King sprinkles the “Toolbox” section with tidbits of knowledge:
– “Good writing is often about letting go of fear and affectation.”
– “All I ask is that you do as well as you can, and remember that, while to write adverbs is human, to write he said or she said is divine.”
– “The most important things about back story are that (a) everyone has a history and (b) most of it isn’t very interesting. Stick to the parts that are, and don’t get carried away with the rest.”
He also advises, read a lot and write a lot. Saying, “If you don’t have time to read, you don’t have the time (or tools) to write. Simple as that.” He takes books with him everywhere he goes … and that was before the Kindle. Maximum your time. Listen to books on tape as you drive, as well as have one in the car you read in grocery lines. In short, finding a way to fit reading into your life is paramount to creating your own writing voice.
Perhaps one of the most important lessons for me was “writing with the door closed.” That first draft should be fearless; therefore, you need to keep you door closed to outside influence and judgment while you bleed all over the pages.

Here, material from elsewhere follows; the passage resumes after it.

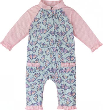 For a blend of adorable style and superior sun protection, our baby girl's swimsuit offers UPF 50+ coverage with buttery soft, quick-drying fabric, ensuring full protection for her arms and legs while keeping her comfortable and cute.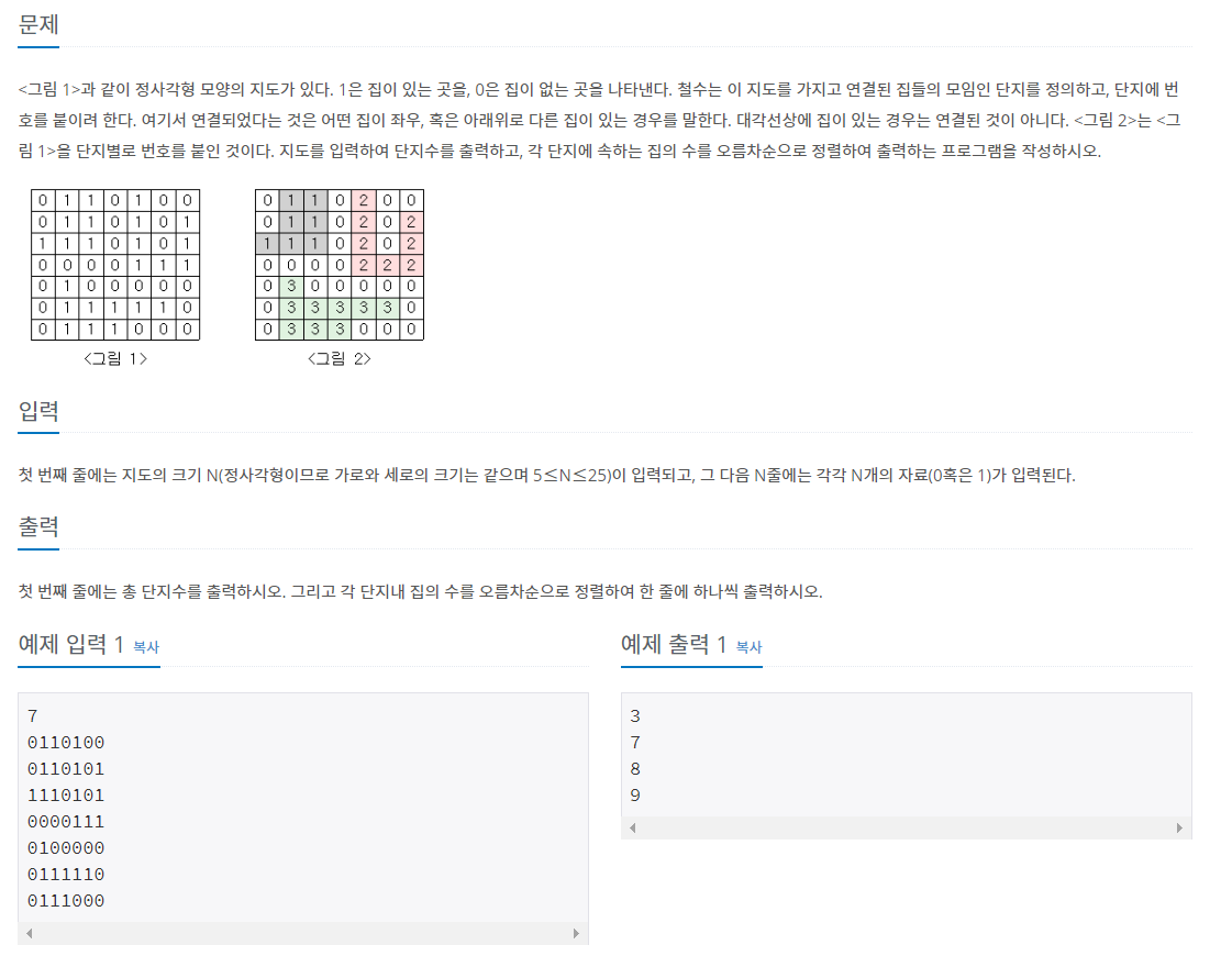 출력값에는 총 단지 수, 그리고 각 단지내 집 수를 오름차순으로 출력해야한다는것에 유의한다.

Write with passion. That philosophy alone was liberating for me.
On Writing is the book every serious writer should not only read once, but should read at various stages of his/her career. There are tidbits you’ll miss because you aren’t ready to hear them yet. For that very reason, I make an effort to read it once a year … an annual gift to myself.
King declares, “Writing is seduction.” Hail to a man who made a book on craft truly seducing.